Tomás Valarino Gattorno
            Los objetos fabricados
            .Entre los objetos fabricados predominan los de carácter utilitario:
            .Ingente cantidad de vajillas; objetos de tocador y adornos.
       Predomina el procedimiento del estampado por ser el más barato y los motivos son muy variados: Temas vegetales y geométricos; asuntos chinescos; escenas de género; historiados, y el más característico, el de cacerías.
Escena romántica
Los platos con relieve aparecen policromados en tonos vivos, y los motivos que los adornan son unas veces pámpanos y racimos, otras tallos y hojas de enredadera, y en alguna ocasión se representa una casita al pie de una palmera.
Escena de cacería
            Entre las piezas aisladas destaca “el salón árabe” realizado en 1886 en la casa del fundador D. Tomás Valarino para Dª. María Valarino, hija de éste. Es un salón rectangular con un frente de tres arcos de medio punto, en el resto se abren vanos formados por arcos de herradura, y los azulejos en relieve son policromados y dorados.

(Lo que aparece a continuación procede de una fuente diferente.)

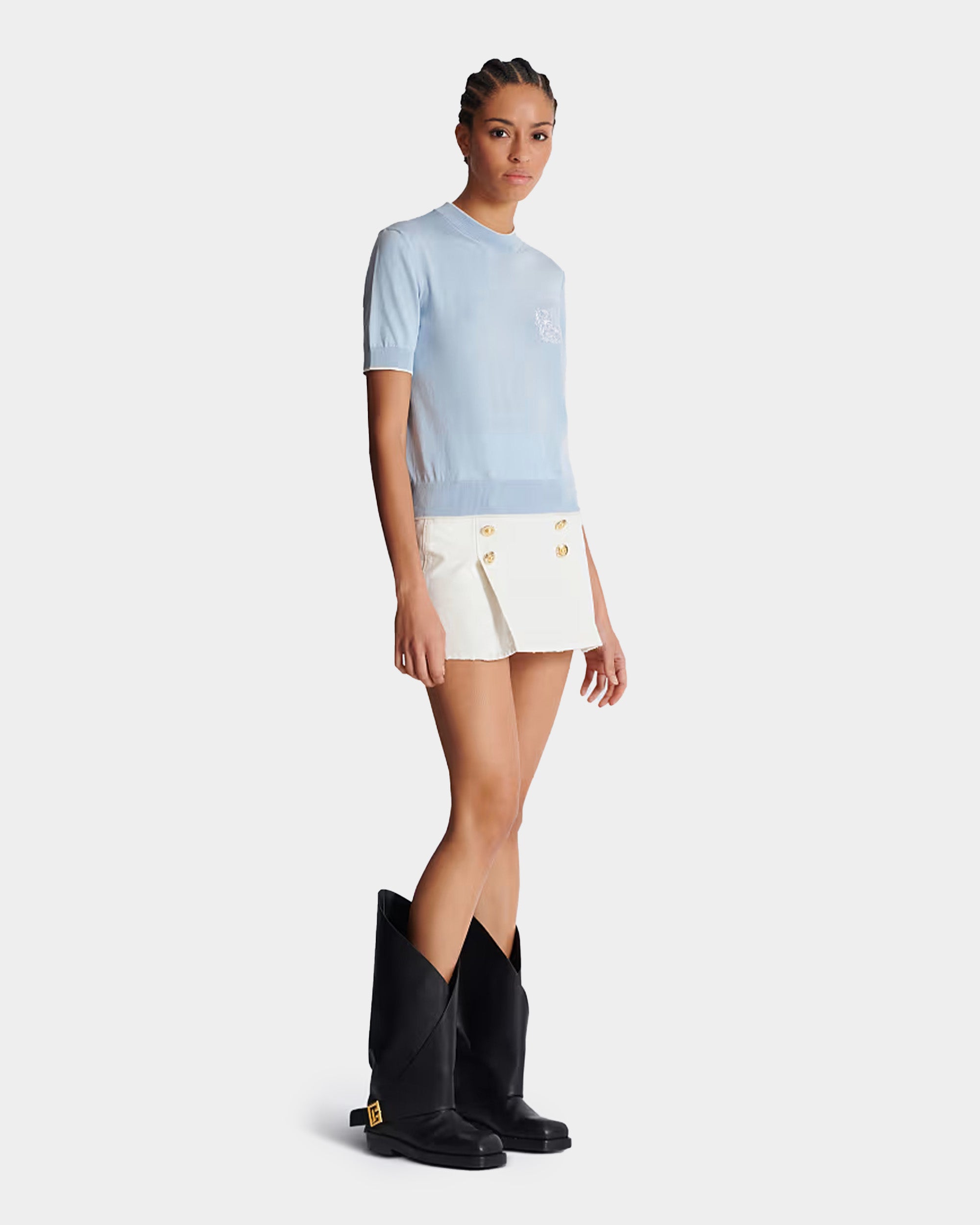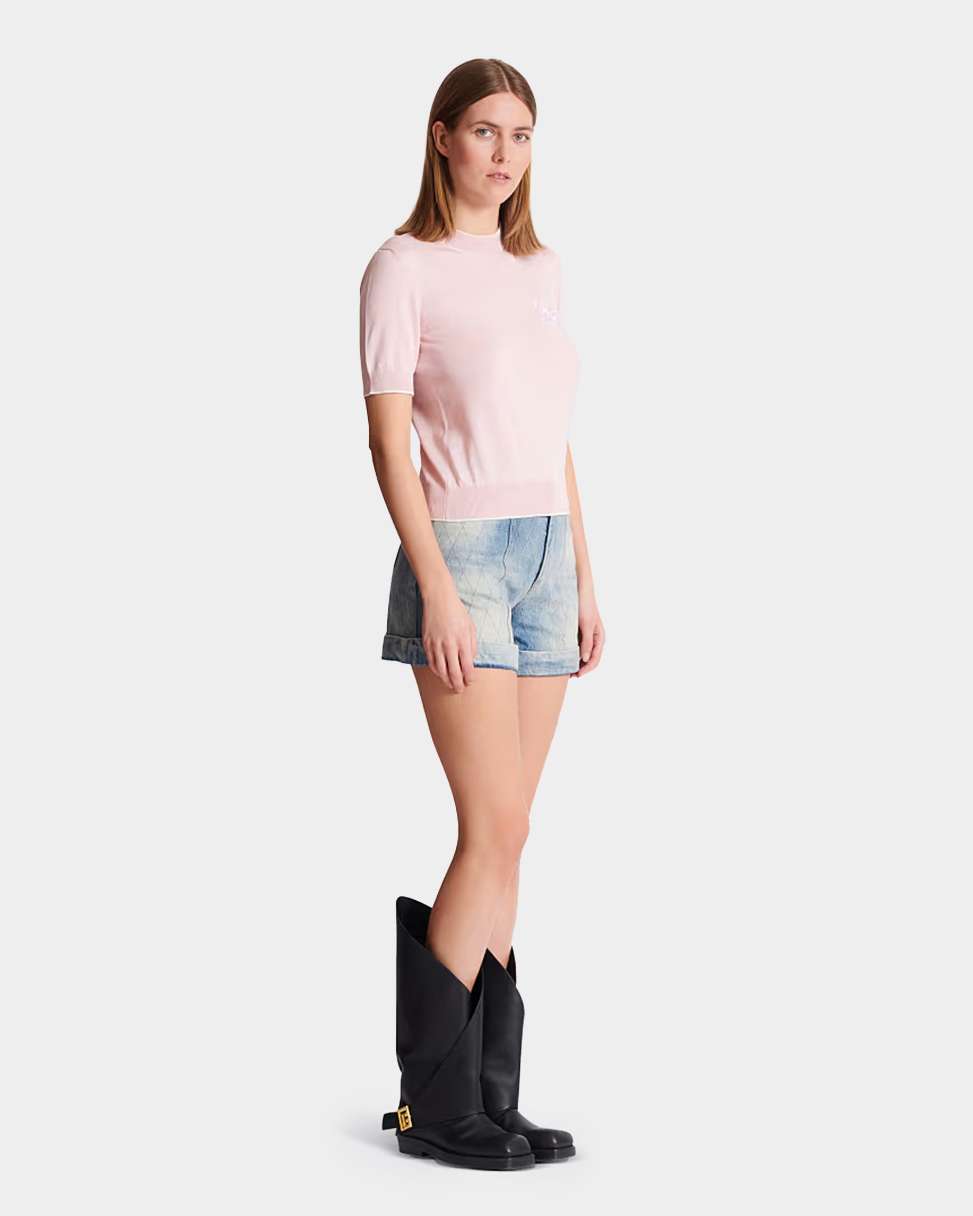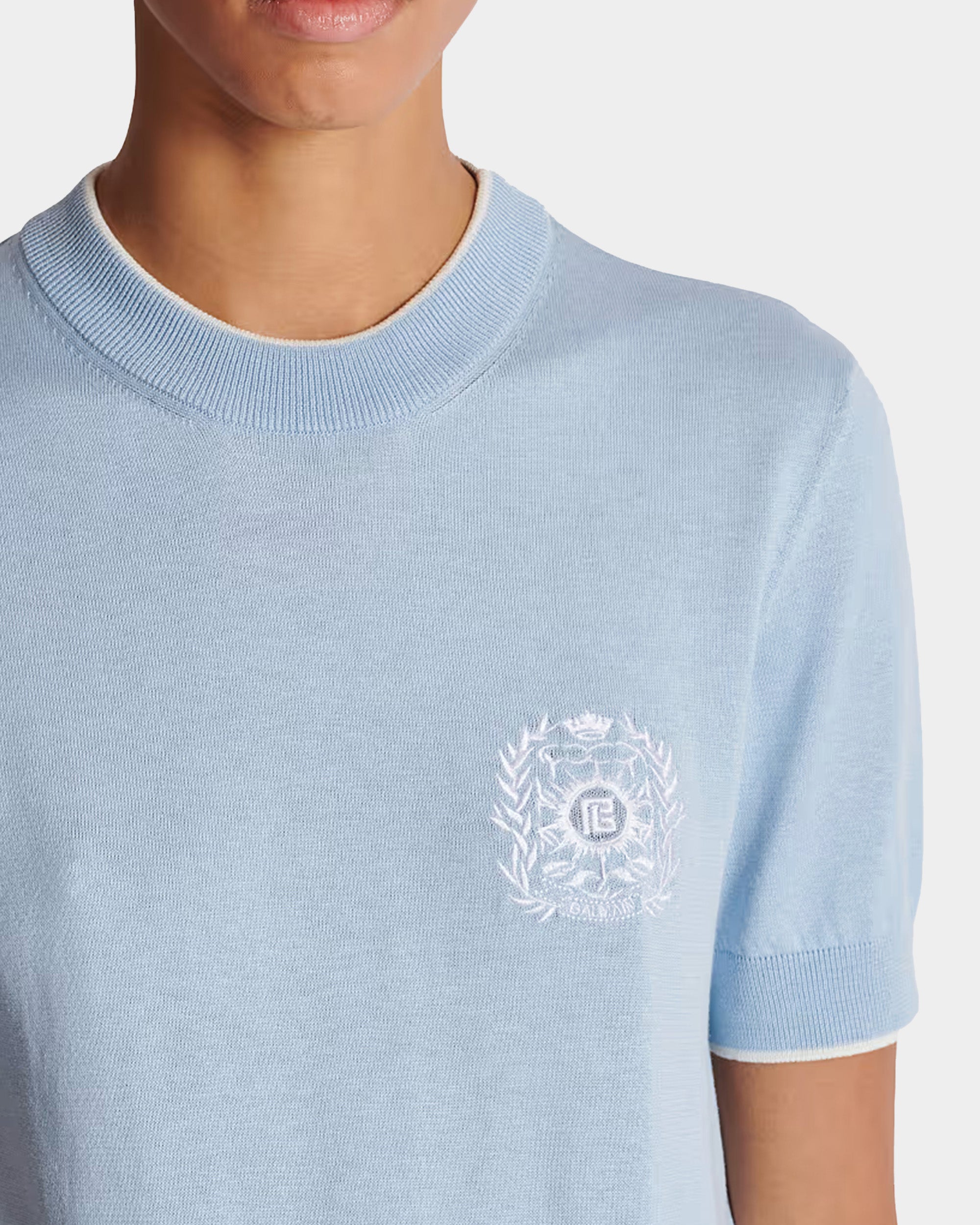 以細緻針織布料製成,觸感柔軟舒適。經典圓領與短袖設計,簡約百搭。胸前飾有 BALMAIN 經典徽章刺繡,低調展現品牌辨識度。以淺色調增添柔美氣息,適合日常穿搭或與外套層疊搭配。

            La caja de un reloj fechada en 1882 que está dedicado al descubridor de América.
      También es preciso mencionar un ánfora de color tostado y con dedicación a la Sociedad Económica.

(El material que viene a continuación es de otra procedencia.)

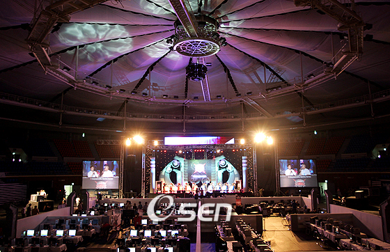 Championship Gaming Series (CGS) 한국 예선전 파이널이 CGS의 CEO 앤디 리프가 직접 참석한 가운데 12일 오후 올림픽공원 펜싱 경기장에서 열렸다. 세계 최초의 프로 비디오게임 리그를 표방하는 CGS는 국내 스타리그와 유사한 방식을 채택했으며 메이저리그 등의 프로스포츠처럼 지역 연고제를 채택한 게 특징이다. CGS에서 뽑힌 선수는 앞으로 미국에서 프로게이머로 활동하게 된다. 사진은 CGS 대회장 전경./황세준 기자 storkjoon@osen.co.kr
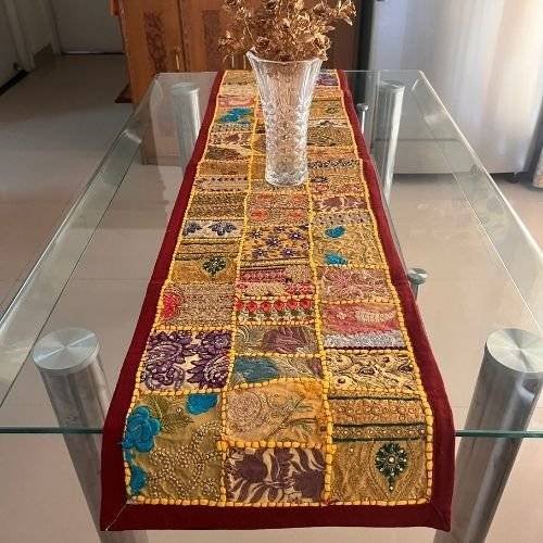 Place this beautiful handmade embroidery patchwork table runner on your dining table, coffee table, or even as a decorative piece in your living room. Its versatile design makes it a delightful addition to any space, impressing both you and your guests with its sheer beauty and craftsmanship.
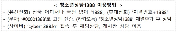 또 청소년상담1388은 청소년의 일상적인 고민 상담부터 가출·폭력·자살 등 위기상담 등을 연중 24시간 운영한다. 전화와 카카오톡, 문자, 온라인을 통해서도 편리하게 상담받을 수 있다.
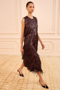 Our Leonie Top has a mahogany red lambskin base that comes alive with dancing tiers of raw-edge fringe. Coordinate with the matching Therese Skirt for playful distinction. - Leather - Model Height: 5'10" - Designed for a boxy fit - Round neckline - Sleeveless - Fully lined - Concealed back zipper - Composition: 100% lambskin leather - Dry clean only by leather specialist
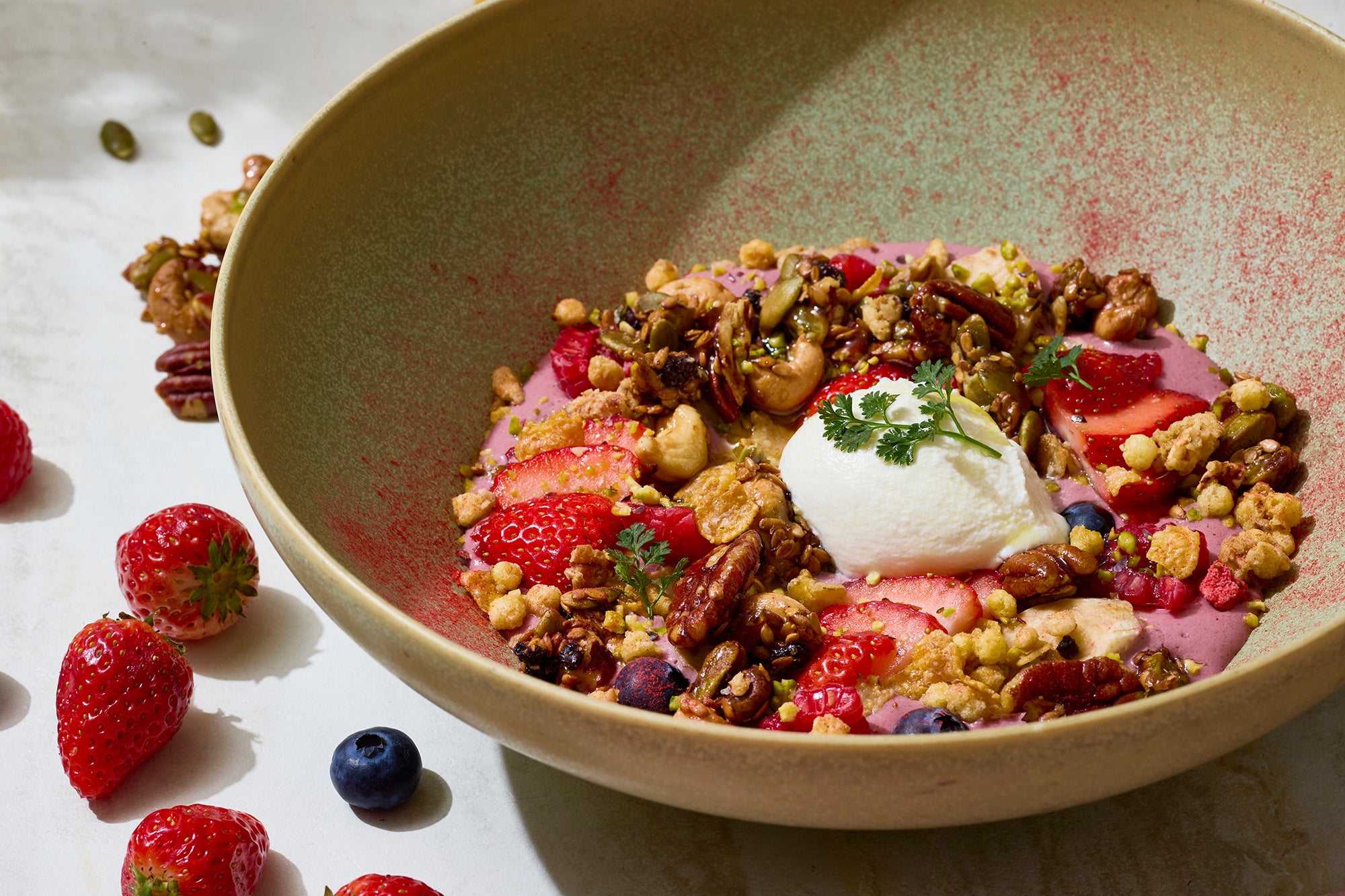 スーパーフードのアサイーとビタミン豊富ないちご、エネルギー源となるバナナと高タンパクなグリークヨーグルトを贅沢にミックスしたクリーミーな砂糖不使用のベース。その上には、ナッツやパンプキンシードなどのザクザクとした食感とローストされた香ばしさが広がる自家製スーパーフードグラノーラと、ほのかな甘みの小粒のグラノーラを敷き詰めました。フレッシュないちご、ブルーベリー、ラズベリー、バナナを彩り豊かに配し、仕上げには追いグリークヨーグルトを添えることで、最後の一口までより満足感のある「食べる美容液」のような一皿に仕上げています。

Las marcas de la fábrica de Borricén
            El modelo más corriente es el de dos manos unidas.
           De éstas, una estampada de forma circular lleva la inscripción  ROLANDI VALARINO Y Cia* CARTAGENA*/CHINA OPACA  y en el centro dos manos unidas. Se puede encuadrar en el primer período de la sociedad 1845-1870.
Entre las estampadas de este grupo es preciso señalar las que llevan como leyenda, FÁBRICA DE CARTAGENA, la mayoría de veces en el interior de una cartela, con las simbólicas manos rodeadas por una corona o rama de laurel.

            De las marcas grabadas con manos se diferencian tres formas:
            Una ovalada con las manos en el centro dice, FÁBRICA DE CARTAGENA / GRANITO.
         Otra también ovalada, pero con los extremos cóncavos y las manos en el centro dice, FÁBRICA DE CARTAGENA/ CHINA OPACA.
         La tercera, de forma rectangular, con el lado superior curvo dice, FABRICA DE CARTAGENA. Las piezas del salón árabe llevan fecha de 1886.


            Sin las manos aparecen dos grupos de marcas:
            Uno grabado, se trata de una cartela con la inscripción, VALARINO/CARTAGENA.
            Otro estampado, en el que solamente aparece el nombre de VALARINO.
            Ambas marcas son posteriores a 1870.

            El último grupo lo constituye una marca estampada y otra grabada muy semejantes. Es una sencilla cartela en la que se lee LA CARTAGENERA. En un reloj la fecha es de 1882.